*** Opening of MATERIAL SUPPLIED ***
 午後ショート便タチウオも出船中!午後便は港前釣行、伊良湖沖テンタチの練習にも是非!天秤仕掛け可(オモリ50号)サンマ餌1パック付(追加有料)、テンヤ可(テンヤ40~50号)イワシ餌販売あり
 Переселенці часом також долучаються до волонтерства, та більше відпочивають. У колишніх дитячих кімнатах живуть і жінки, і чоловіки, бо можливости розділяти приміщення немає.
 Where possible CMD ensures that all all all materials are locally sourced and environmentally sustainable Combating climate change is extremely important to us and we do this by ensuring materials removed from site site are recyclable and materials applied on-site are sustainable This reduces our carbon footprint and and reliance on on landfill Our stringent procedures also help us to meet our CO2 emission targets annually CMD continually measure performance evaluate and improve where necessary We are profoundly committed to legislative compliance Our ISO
*** Close of MATERIAL SUPPLIED ***
*** Opening of MATERIAL SUPPLIED ***
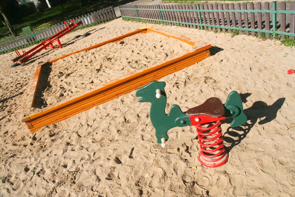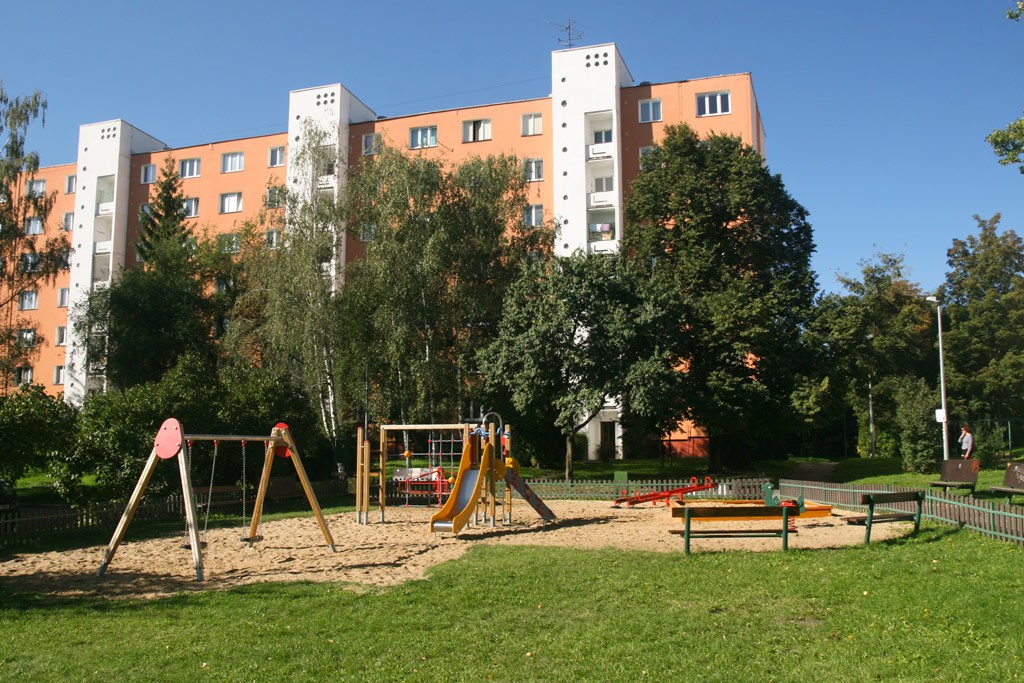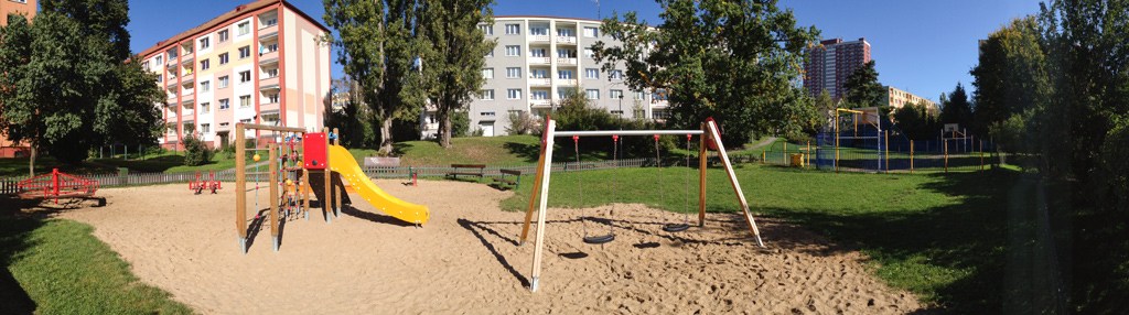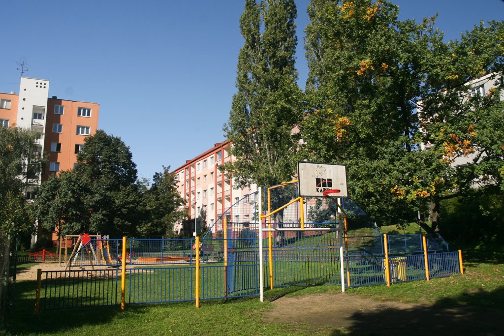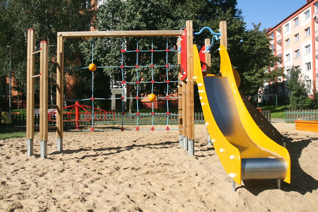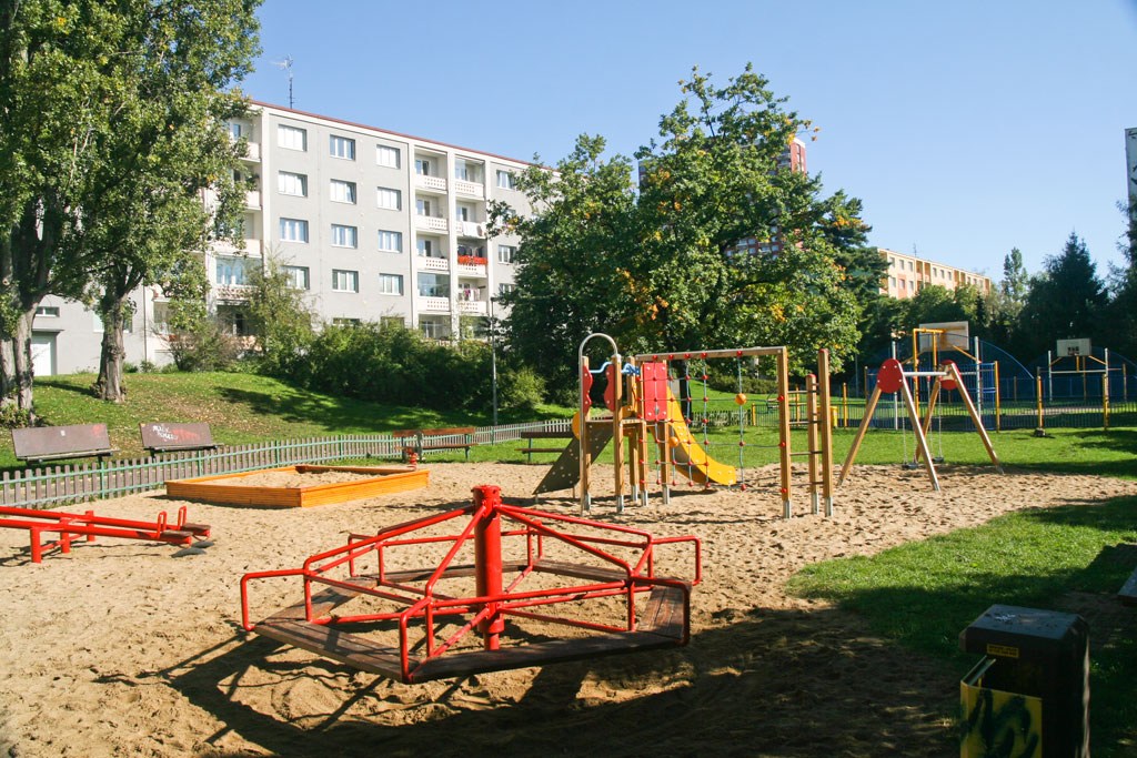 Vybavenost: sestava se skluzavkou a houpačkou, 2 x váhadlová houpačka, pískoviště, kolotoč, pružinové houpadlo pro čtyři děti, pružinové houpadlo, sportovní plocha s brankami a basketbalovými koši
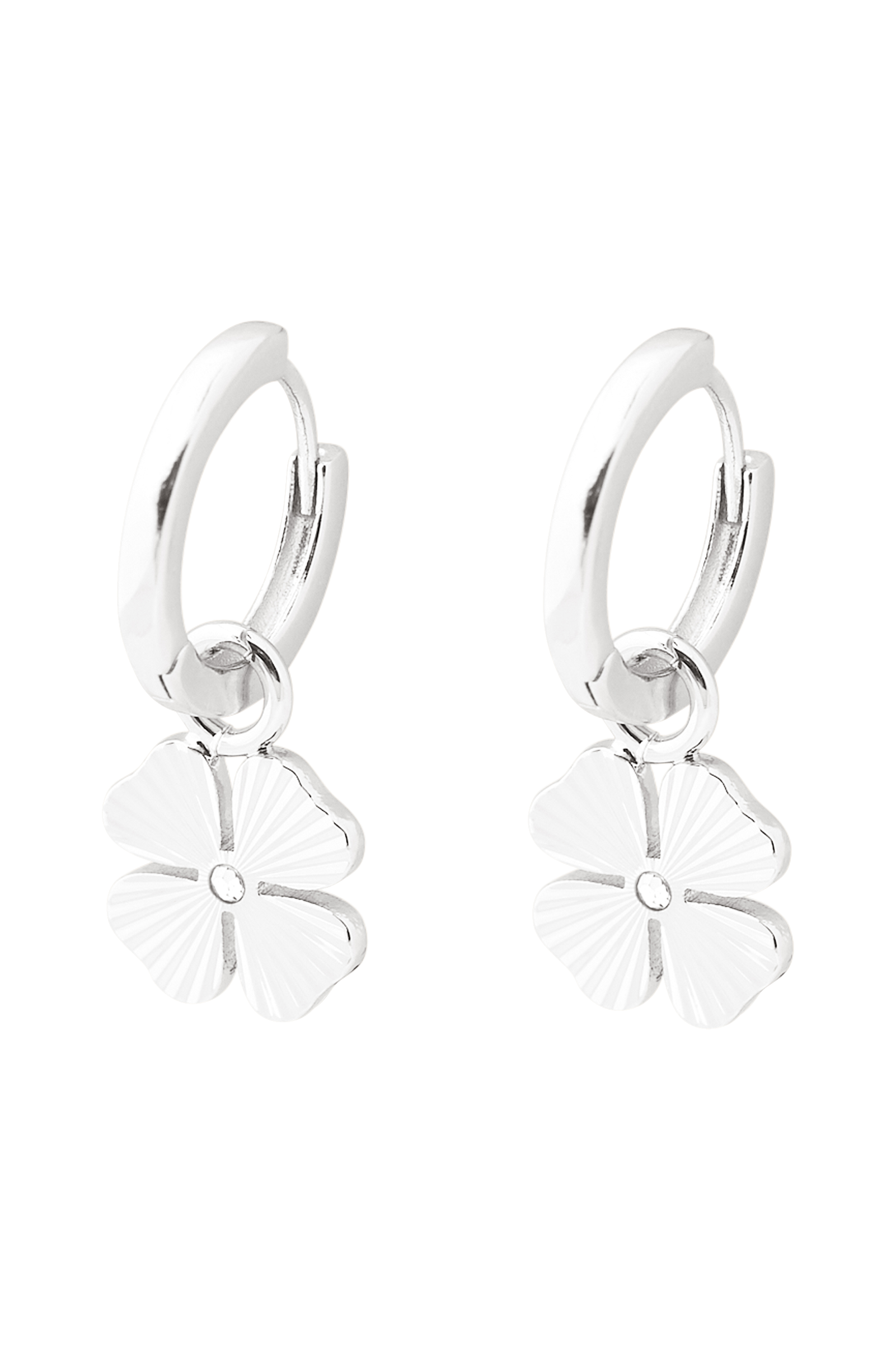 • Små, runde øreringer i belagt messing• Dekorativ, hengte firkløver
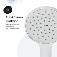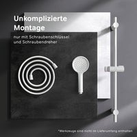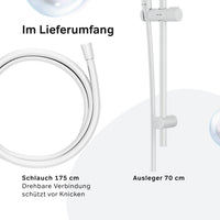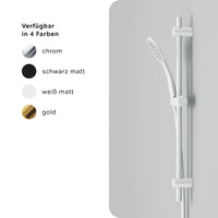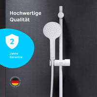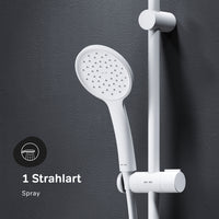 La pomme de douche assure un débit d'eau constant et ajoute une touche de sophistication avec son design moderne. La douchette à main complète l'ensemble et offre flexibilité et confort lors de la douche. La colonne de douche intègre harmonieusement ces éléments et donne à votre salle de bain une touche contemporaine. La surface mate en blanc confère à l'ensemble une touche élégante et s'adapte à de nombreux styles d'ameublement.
*** Close of MATERIAL SUPPLIED ***
In the listing above, the lines from the one containing "午後ショート便タチウオも出船" through the one containing "Переселенці часом також" must be set down exactly, with no other lines.

 午後ショート便タチウオも出船中!午後便は港前釣行、伊良湖沖テンタチの練習にも是非!天秤仕掛け可(オモリ50号)サンマ餌1パック付(追加有料)、テンヤ可(テンヤ40~50号)イワシ餌販売あり
 Переселенці часом також долучаються до волонтерства, та більше відпочивають. У колишніх дитячих кімнатах живуть і жінки, і чоловіки, бо можливости розділяти приміщення немає.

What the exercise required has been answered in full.